The task
Give back exactly the lines of the data below, starting with the line that has "벨티드 원턱 버뮤다 팬츠 베이지" and going on through the line that has "KAN 논문이나 여타".
Provided records below:
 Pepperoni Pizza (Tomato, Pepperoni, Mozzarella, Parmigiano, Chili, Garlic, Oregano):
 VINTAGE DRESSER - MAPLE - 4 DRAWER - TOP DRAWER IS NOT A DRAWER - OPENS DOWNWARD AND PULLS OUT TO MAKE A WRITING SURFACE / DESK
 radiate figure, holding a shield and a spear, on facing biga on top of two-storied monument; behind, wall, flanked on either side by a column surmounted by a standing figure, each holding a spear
End of Provided records.
Provided records below:
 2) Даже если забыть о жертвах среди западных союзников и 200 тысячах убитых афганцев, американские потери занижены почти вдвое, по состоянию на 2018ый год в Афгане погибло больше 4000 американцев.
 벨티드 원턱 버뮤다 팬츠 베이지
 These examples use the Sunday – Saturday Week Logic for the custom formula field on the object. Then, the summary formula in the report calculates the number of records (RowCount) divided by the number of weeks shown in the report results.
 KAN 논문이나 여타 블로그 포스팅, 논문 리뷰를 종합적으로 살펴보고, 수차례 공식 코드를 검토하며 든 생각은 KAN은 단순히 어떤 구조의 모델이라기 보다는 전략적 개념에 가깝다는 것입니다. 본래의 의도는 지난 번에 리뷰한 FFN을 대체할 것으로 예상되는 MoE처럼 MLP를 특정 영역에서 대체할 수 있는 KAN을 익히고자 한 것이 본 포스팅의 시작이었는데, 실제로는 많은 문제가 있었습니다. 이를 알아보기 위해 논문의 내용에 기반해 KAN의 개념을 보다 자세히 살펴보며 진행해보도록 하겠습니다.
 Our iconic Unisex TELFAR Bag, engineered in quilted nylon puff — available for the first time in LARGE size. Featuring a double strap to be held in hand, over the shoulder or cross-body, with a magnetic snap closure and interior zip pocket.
End of Provided records.
Provided records below:
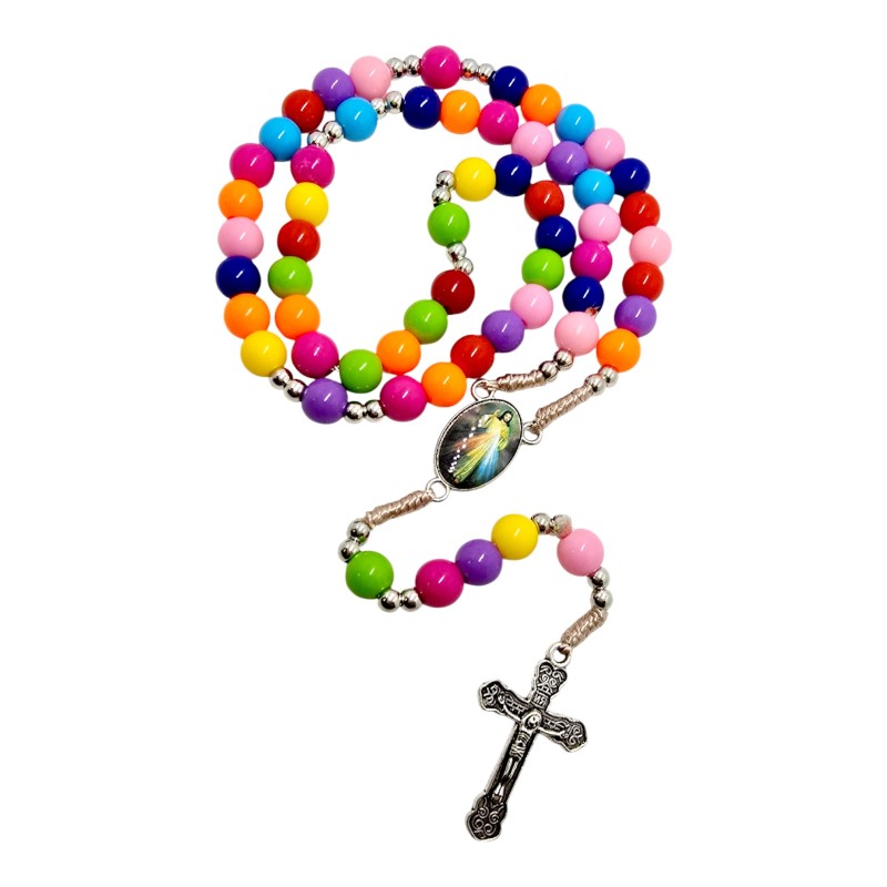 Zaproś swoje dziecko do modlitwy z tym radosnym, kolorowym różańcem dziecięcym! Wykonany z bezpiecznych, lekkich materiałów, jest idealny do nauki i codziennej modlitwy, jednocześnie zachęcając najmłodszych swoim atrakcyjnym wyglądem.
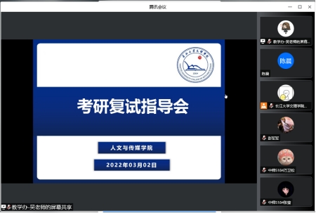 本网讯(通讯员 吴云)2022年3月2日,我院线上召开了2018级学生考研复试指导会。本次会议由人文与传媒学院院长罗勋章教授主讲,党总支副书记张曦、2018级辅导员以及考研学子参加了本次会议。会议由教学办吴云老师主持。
End of Provided records.
Task output
 벨티드 원턱 버뮤다 팬츠 베이지
 These examples use the Sunday – Saturday Week Logic for the custom formula field on the object. Then, the summary formula in the report calculates the number of records (RowCount) divided by the number of weeks shown in the report results.
 KAN 논문이나 여타 블로그 포스팅, 논문 리뷰를 종합적으로 살펴보고, 수차례 공식 코드를 검토하며 든 생각은 KAN은 단순히 어떤 구조의 모델이라기 보다는 전략적 개념에 가깝다는 것입니다. 본래의 의도는 지난 번에 리뷰한 FFN을 대체할 것으로 예상되는 MoE처럼 MLP를 특정 영역에서 대체할 수 있는 KAN을 익히고자 한 것이 본 포스팅의 시작이었는데, 실제로는 많은 문제가 있었습니다. 이를 알아보기 위해 논문의 내용에 기반해 KAN의 개념을 보다 자세히 살펴보며 진행해보도록 하겠습니다.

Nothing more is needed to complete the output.